Research and Development
Research and development costs represent both costs incurred internally for research and development activities as well as costs incurred externally to fund research activities. All research and development costs are expensed as incurred. Non-refundable advance payments are capitalized and recorded as expense when the respective product or services are delivered.
Recent Accounting Pronouncements
In August 2009, the Financial Accounting Standards Board (“FASB”) issued Accounting Standards Update No. 2009-5, “Measuring Liabilities at Fair Value” (“ASU 2009-05”). ASU 2009-05 amends Accounting Standards Codification Topic 820, “Fair Value Measurements.” Specifically, ASU 2009-5 provides clarification that in circumstances in which a quoted price in an active market for the identical liability is not available, a reporting entity is required to measure fair value using one or more of the following methods: (i) a valuation technique that uses the quoted price of the identical liability when traded as an asset or quoted prices for similar liabilities or similar liabilities when traded as assets and/or (ii) a valuation technique that is consistent with the principles of Topic 820 of the Accounting Standards Codification (e.g. an income approach or market approach). ASU 2009-05 also clarifies that (i) when estimating the fair value of a liability, a reporting entity is not required to adjust to include inputs relating to the existence of transfer restrictions on that liability and (ii) that both a quoted price in an active market for an identical liability at the measurement date and a quoted price for the identical liability when traded as an asset in an active market when no adjustments to the quoted price of the asset are required are level one fair value measurements. ASU 2009-05 is effective for financial statements issued for interim and annual periods beginning after August 28, 2009. We do not anticipate that the adoption of this standard will have a material impact on our financial position and results of operations.
In June 2009, the FASB issued guidance for determining whether an entity is a variable interest entity (“VIE”). This guidance requires an enterprise to perform an analysis to determine whether the enterprise’s variable interest or interests give it a controlling financial interest in a VIE. Under this guidance, an enterprise has a controlling financial interest when it has (i) the power to direct the activities of a VIE that most significantly impact the entity’s economic performance and (ii) the obligation to absorb losses of the entity or the right to receive benefits from the entity that could potentially be significant to the VIE. Enterprises are also required to assess whether they have an implicit financial responsibility to ensure that a VIE operates as designed when determining whether it has power to direct the activities of the VIE that most significantly impact the entity’s economic performance. This guidance also requires ongoing assessments of whether an enterprise is the primary beneficiary of a VIE, requires enhanced disclosures and eliminates the scope exclusion for qualifying special-purpose entities. This guidance is effective for annual reporting periods beginning after November 15, 2009. We do not anticipate that the adoption of this guidance will have a material impact on our financial position and results of operations.

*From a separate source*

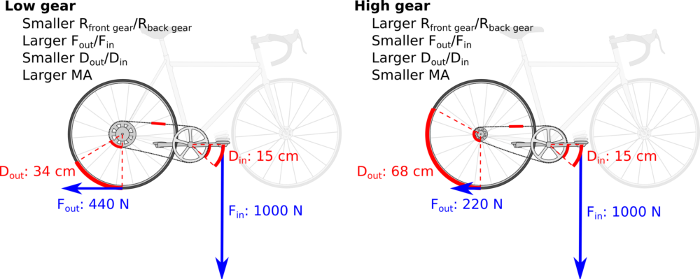 In the case of a bicycle, it’s the length of your crank arms, the radius of your rear wheel, and the ratio between your rear and front cogs that will determine how much of your pedal force can be outputted to drive you forward.
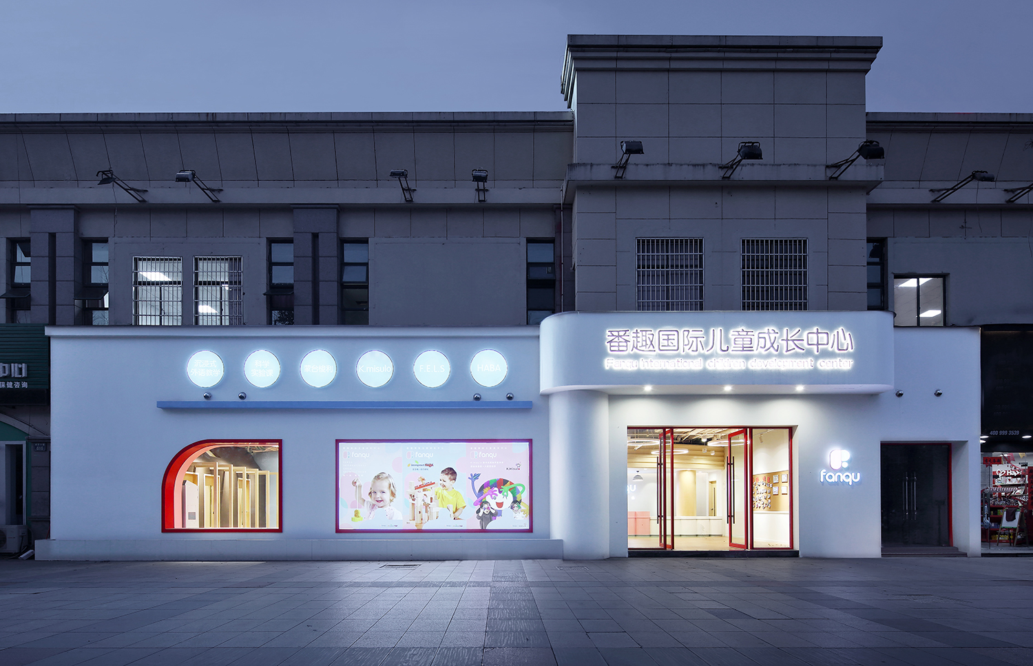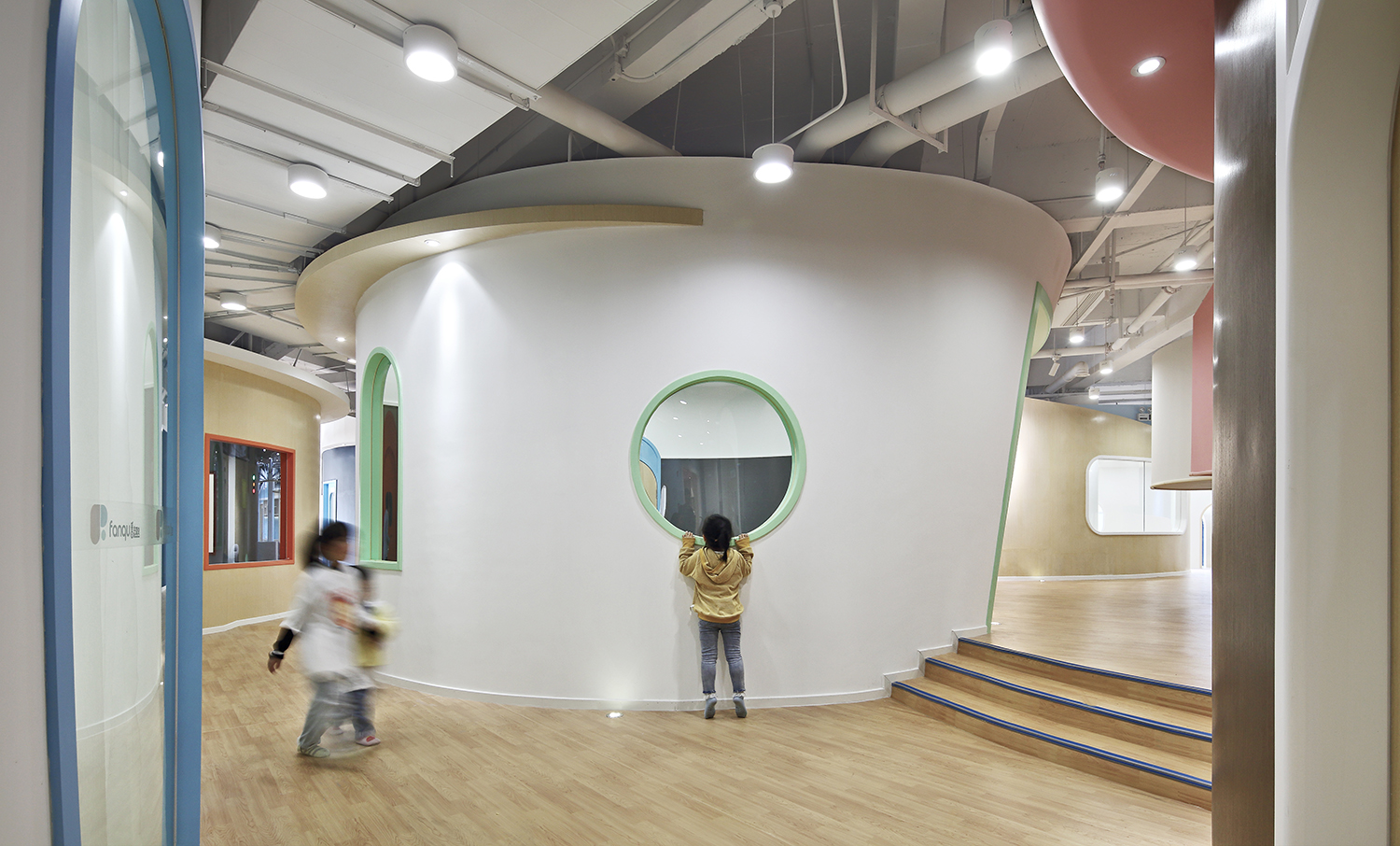 設(shè)計(jì)師延伸“番趣”的品牌形象,打造項(xiàng)目主入口外觀,品牌元素與園區(qū)的展示需求相融合,構(gòu)成明凈活潑的外觀形象。門(mén)頭和前臺(tái)造型取自品牌“F”元素,以親切的姿勢(shì)歡迎小朋友和家長(zhǎng)的到來(lái)。

In June 2009, the FASB approved the “FASB Accounting Standards Codification” (“Codification”) as the single authoritative source for GAAP. The Codification, which was launched on July 1, 2009, does not change current U.S. GAAP, but is intended to simplify user access by providing all authoritative U.S. GAAP in one location. All existing accounting standards will be superseded and all other accounting literature not included in the Codification will be considered non-authoritative. The Codification is effective for interim and annual periods ending after September 15, 2009. The Codification did not change GAAP and did not have a material impact on the Company’s condensed consolidated financial statements.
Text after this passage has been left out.